(Source records)
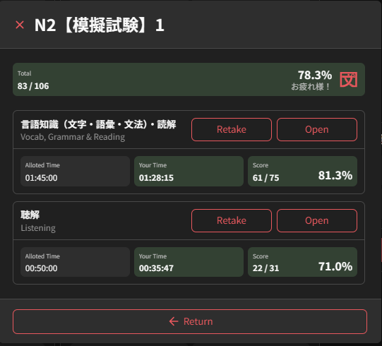 But the fact that I’m apparently already at N2 level right now makes me wonder… Should I be aiming for the N1 instead? Let’s take a practice test to find out…
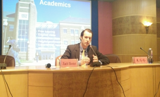 宣讲会上,Larissa用PPT介绍了弗罗斯特堡州立大学的地理位置,怡人的气候环境;Zach详细阐述了该校便利而现代化的教学环境,丰富的娱乐项目,学生优良的居住环境,费用减免,学业成就各方面的优势,并以播放该外校宣传片的形式,生动展现了该校的校园文化。
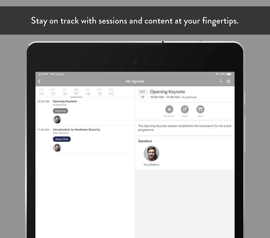 The Daimler Event App lets invited attendees submit questions, message other delegates and exchange digital business cards, schedule meetings, complete surveys, create personal agendas, study virtual libraries and meeting information, review case studies, browse speaker and attendee profiles, follow presentations, take notes, save items for after your event and much more.
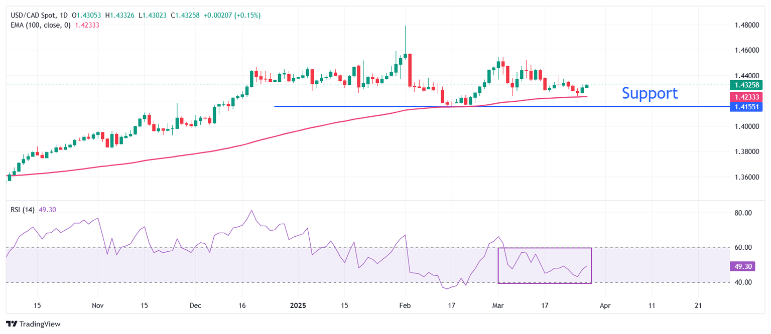 The impact of the US and Canadian data is expected to be limited on the pair as its fate is tied to impending tariffs to be announced by US President Donald Trump on April 2. Trump is poised to unveil his reciprocal tariff plan on Wednesday, which is expected to force market experts to revise their global economic forecasts.
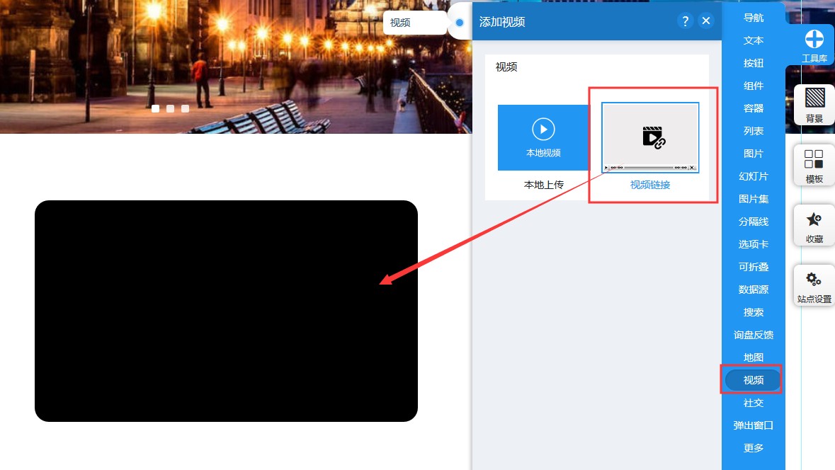 1,在工具里选择视频控件,第二个样式-视频连接,添加到页面上。
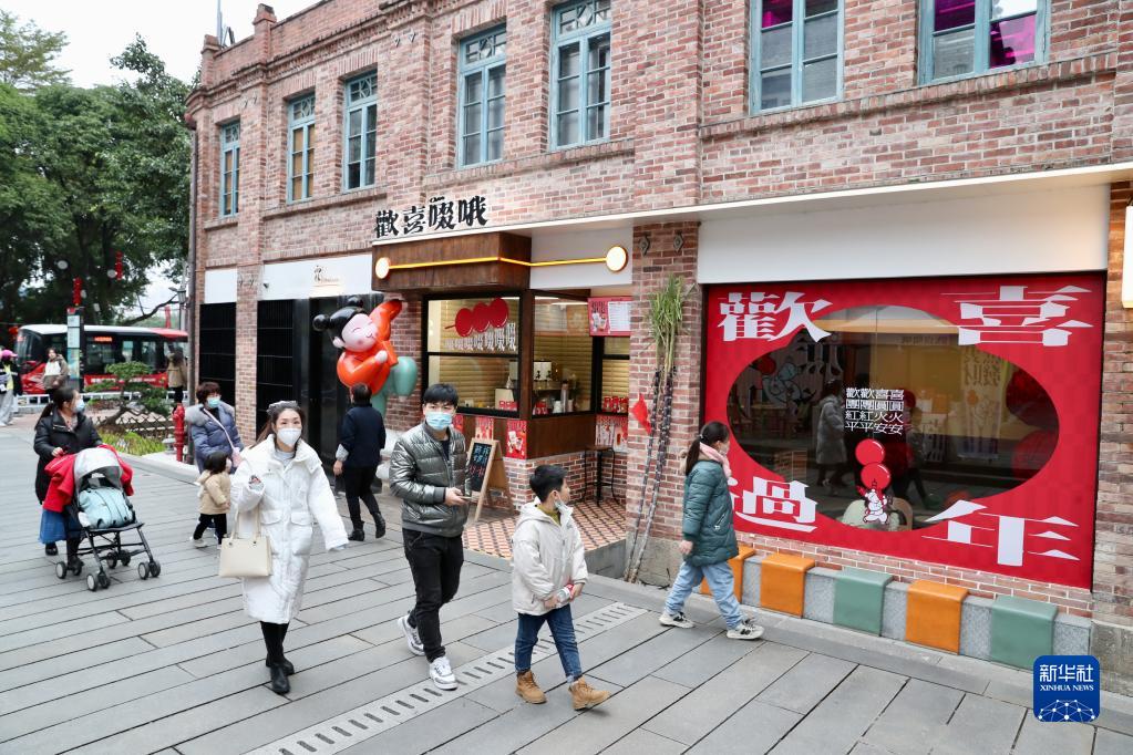 人們在福州煙臺山商業漫步街區游玩(1月16日攝)。
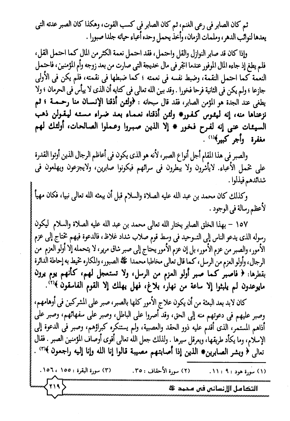 157- بهذا الخلق الصابر يختار الله تعالى محمد بن عبد الله عليه الصلاة والسلام ليكون رسوله الذى يدعو الناس إلى التوحيد فى وسط قوم صلاب شداد غلاظ، فالدعوة فيهم تحتاج إلى عزم الأمور، والصبر من عزم الأمور، بل إن عزم الأمور يحتاج إلى صبر شاق مرير، لا يتحمله إلا أولو العزم من الرجال، وأولو العزم من الرسل، كما قال تعالى مخاطبا محمدا صلّى الله عليه وسلّم الصبور، والمكاره تحيط به إحاطة الدائرة بقطرها: فَاصْبِرْ كَما صَبَرَ أُولُوا الْعَزْمِ مِنَ الرُّسُلِ، وَلا تَسْتَعْجِلْ لَهُمْ، كَأَنَّهُمْ يَوْمَ يَرَوْنَ ما يُوعَدُونَ لَمْ يَلْبَثُوا إِلَّا ساعَةً مِنْ نَهارٍ، بَلاغٌ، فَهَلْ يُهْلَكُ إِلَّا الْقَوْمُ الْفاسِقُونَ «2» .
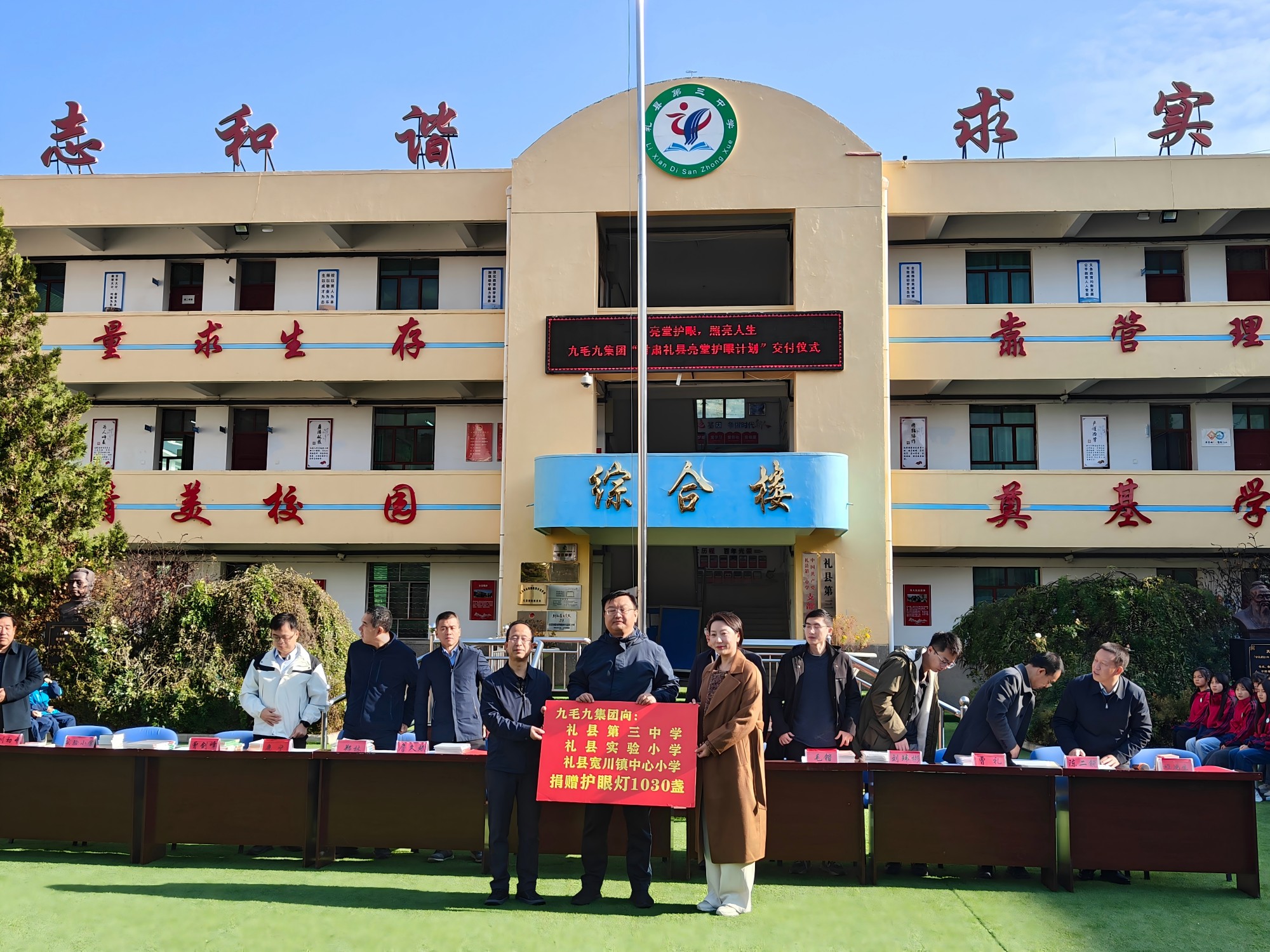 2024年11月6日,九毛九集团“亮堂护眼教室”计划验收仪式在甘肃省礼县第三中学举行。此次活动为当地三所学校的99间教室安装了1030套符合新国标的LED护眼灯,为孩子们创造了一个更加健康、舒适的学习环境。
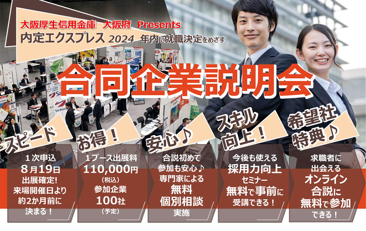 【募集受付終了】大阪厚生信用金庫・大阪府 Presents 大規模合同企業説明会『内定エクスプレス2024』 10/16(水)10:00-16:00 ハービスOSAKA

**Exercise requirements**: Any pictures are to be skipped, and the lines from the beginning of the entries through the line with "人們在福州煙臺山商業漫步街區游玩(1月16日攝)。" copied exactly.

**Solved exercise**:
 But the fact that I’m apparently already at N2 level right now makes me wonder… Should I be aiming for the N1 instead? Let’s take a practice test to find out…
 宣讲会上,Larissa用PPT介绍了弗罗斯特堡州立大学的地理位置,怡人的气候环境;Zach详细阐述了该校便利而现代化的教学环境,丰富的娱乐项目,学生优良的居住环境,费用减免,学业成就各方面的优势,并以播放该外校宣传片的形式,生动展现了该校的校园文化。
 The Daimler Event App lets invited attendees submit questions, message other delegates and exchange digital business cards, schedule meetings, complete surveys, create personal agendas, study virtual libraries and meeting information, review case studies, browse speaker and attendee profiles, follow presentations, take notes, save items for after your event and much more.
 The impact of the US and Canadian data is expected to be limited on the pair as its fate is tied to impending tariffs to be announced by US President Donald Trump on April 2. Trump is poised to unveil his reciprocal tariff plan on Wednesday, which is expected to force market experts to revise their global economic forecasts.
 1,在工具里选择视频控件,第二个样式-视频连接,添加到页面上。
 人們在福州煙臺山商業漫步街區游玩(1月16日攝)。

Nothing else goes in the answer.